New York Times, "Philanthropy and Cotton," March 2, 1857

    Source citation
    “Philanthropy and Cotton,” New York Times, March 2, 1857, p. 4: 4-5.
    Newspaper: Publication
    New York Daily Times
    Newspaper: Headline
    Philanthropy and Cotton
    Newspaper: Page(s)
    4
    Newspaper: Column
    4-5
    Type
    Newspaper
    Date Certainty
    Exact
    Transcriber
    Leah Suhrstedt, Dickinson College
    Transcription date
    The following text is presented here in complete form, as it originally appeared in print.  Spelling and other typographical errors have been preserved as in the original.

    Philanthropy and Cotton.

    The London Times has recently taken occasion, in an article which we quoted on Thursday morning, to twit the English people upon their inconsistency in denouncing American Slavery, while wearing calico garments. There is no doubt that in touching upon this point, it has hit one of the great weaknesses of the philanthropic world in general; but we deny in toto that a conscientious opposition to Slavery demands a total disuse of slave-grown Cotton. No abolitionist that we ever heard of was animated by intense antipathy to the cotton plant, to the custom of boeing at its roots, or of picking its seeds. Cotton never yet was per se the means of making a man poor, or leaving his wife a widow. Evil does not lark in its bulbs, or blow out in its blossom. There is nothing in it, or of necessity connected with it, to prevent its being associated with ideas of peace, freedom and contentment. It already brings happiness and plenty to a hundred thousand homes. There is no valid reason why it should not bring them a million more.

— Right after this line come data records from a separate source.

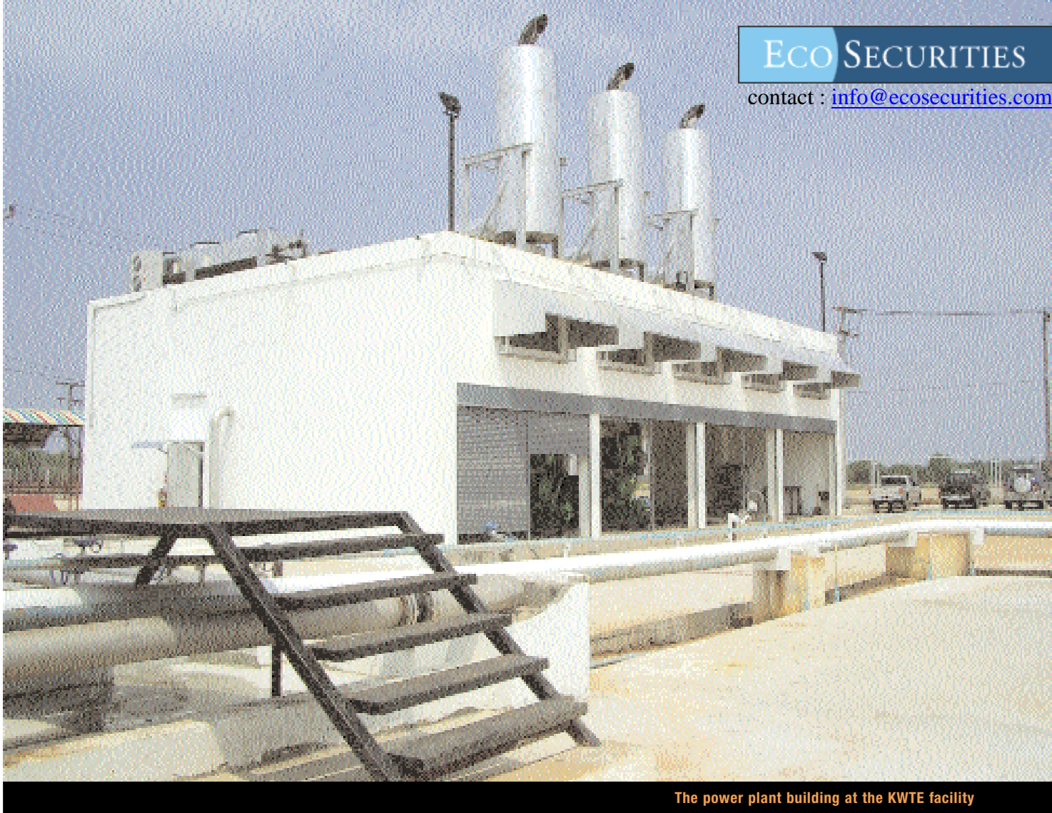
The power plant building at the KWTE facility
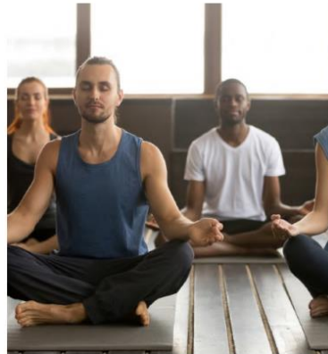
TWO EXERCISE ROOMS
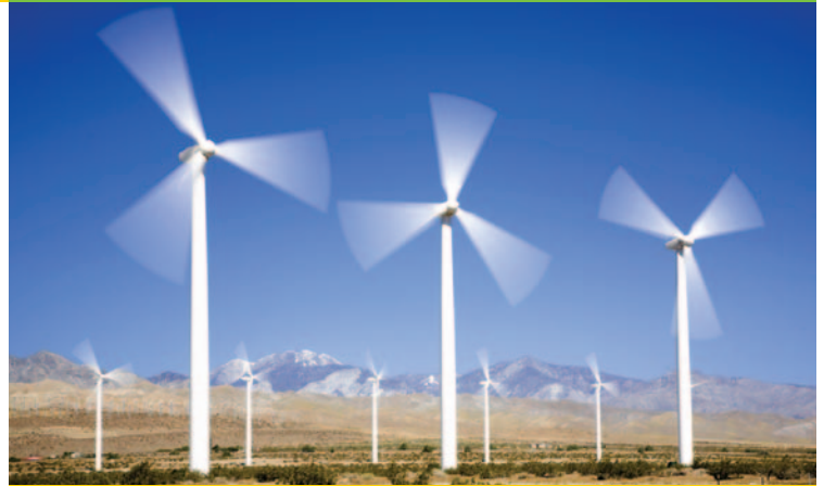
The potential U.S. land-based wind resource is about 10,000,000 megawatts.

The renewable energy industry creates thousands of long-term, high-technology careers in wind turbine component manufacturing, construction and installation, maintenance and operations, legal and marketing services, transportation and logistical services, and more. In 2009 and 2010, the wind sector invested roughly $27 billion in the U.S. economy and employed about 85,000 workers.
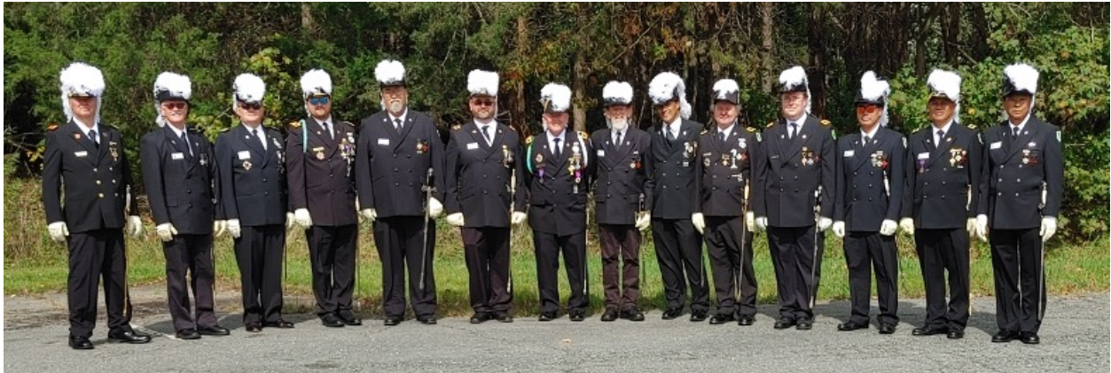
(Attendees of the 2021 Grand Commandery Drill School and Competition.)

“I challenge you and hope to see you all on the Drill Field!”
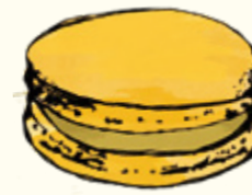
Lemon Bush Tea
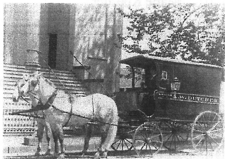
A. W. Dutcher's Sons Funeral Home

Photo taken ca. 1900 in front of Haverstraw Baptist Church
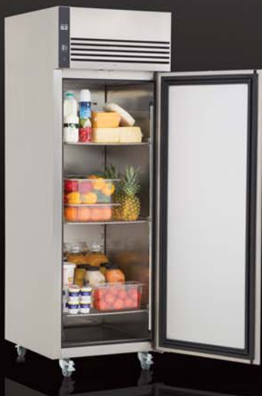
EP700H Refrigerated Cabinet
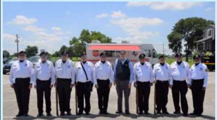
The Wall That Heals May 2019
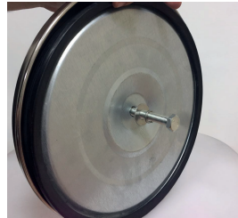
Affix screw through the bottom of heavy duty base plate
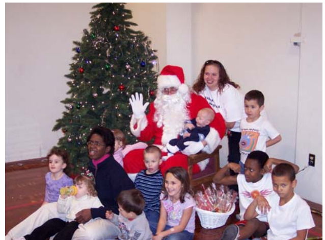
Olympia families huddle around Santa at their Holiday Celebration

    No sober-minded opponent of Slave labor, either here of in England, ever conceded the principle that Cotton can only be raised by slaves; and it is only on the supposition that this had been conceded by them, that the taunts of the Times can have any good foundation. If they granted that Cotton could only be cultivated by slaves, and that if England ceased to purchase it, Slavery would immediately become extinct, they would at once lay themselves open to the charge of inconsistency if they did not immediately eschew calico. But it has always been asserted by moderate Anti-Slavery men on both sides of the water, that free labor can supply the market even better than it is supplied at present.

    The sneer of the Times is based on one of those monstrous absurdities of which people of no opinions are constantly guilty. The argumentum ad hominem is one of the easiest processes in dialectics. It is useful enough when the only object in view is to set a table in roar; but to employ it in passing judgment upon human hopes and aspirations, human struggles after a better life, human sympathies with right, and truth, and justice, is proof of a cold heart and a shallow wit. To apply this test to the work of every-day life, is to ask every man to put on helmet and cuirass, mount a Rosinante and turn knight-errant. There is no reason whatever for confining this curious theory of consistency to Cotton, If it be good, everyone who denounces despotism should demand written guarantees that the string with which he ties his parcel is not made of Russian hemp, that his candles are not made of Russian fallow, that the corn in his bread has not been raised by serfs, that the sailors were well treated on board the ship by which all these commodities came to hand, and in addition to all this, start with a Minié rifle for Warsaw, and in the cause of dear Poland take a “good shot” at the Imperial Governor. A peaceman in England should, on this principle, refuse to enjoy his life, liberty and property, repudiate his wife, pull down his house, and stop his newspaper, because all these blessings had been secured to him intact and entire by fleets, and armies, and bloodshed. We must not stop at Cotton. Corn from the Volga and the Dnioper is equally objectionable. The interest of the Turkish loan is wrung from wretched rajahs by kicks and blows, and plunder. Danubian maize is imported by Greek knaves. The trade of the Levant is, to a great extent, carried on in the barks of pirates. Arab horses are bred by robbers and cut-throats. Dates and olives are raised in the gardens of infidels and polygamists. Our shirts are sewn by women who weep over their work tears of misery and despair. Our clothes are made up by haggard specters, who support life by hard labor in a foul atmosphere. There is hardly a single article in the market, useful or ornamental, from bank stocks to ladies’ fans, which has not been tainted by guilt, or folly, or suffering. According to the Times, therefore, every man who hates fraud and injustice, must, for his own credit, go naked and live on acorns.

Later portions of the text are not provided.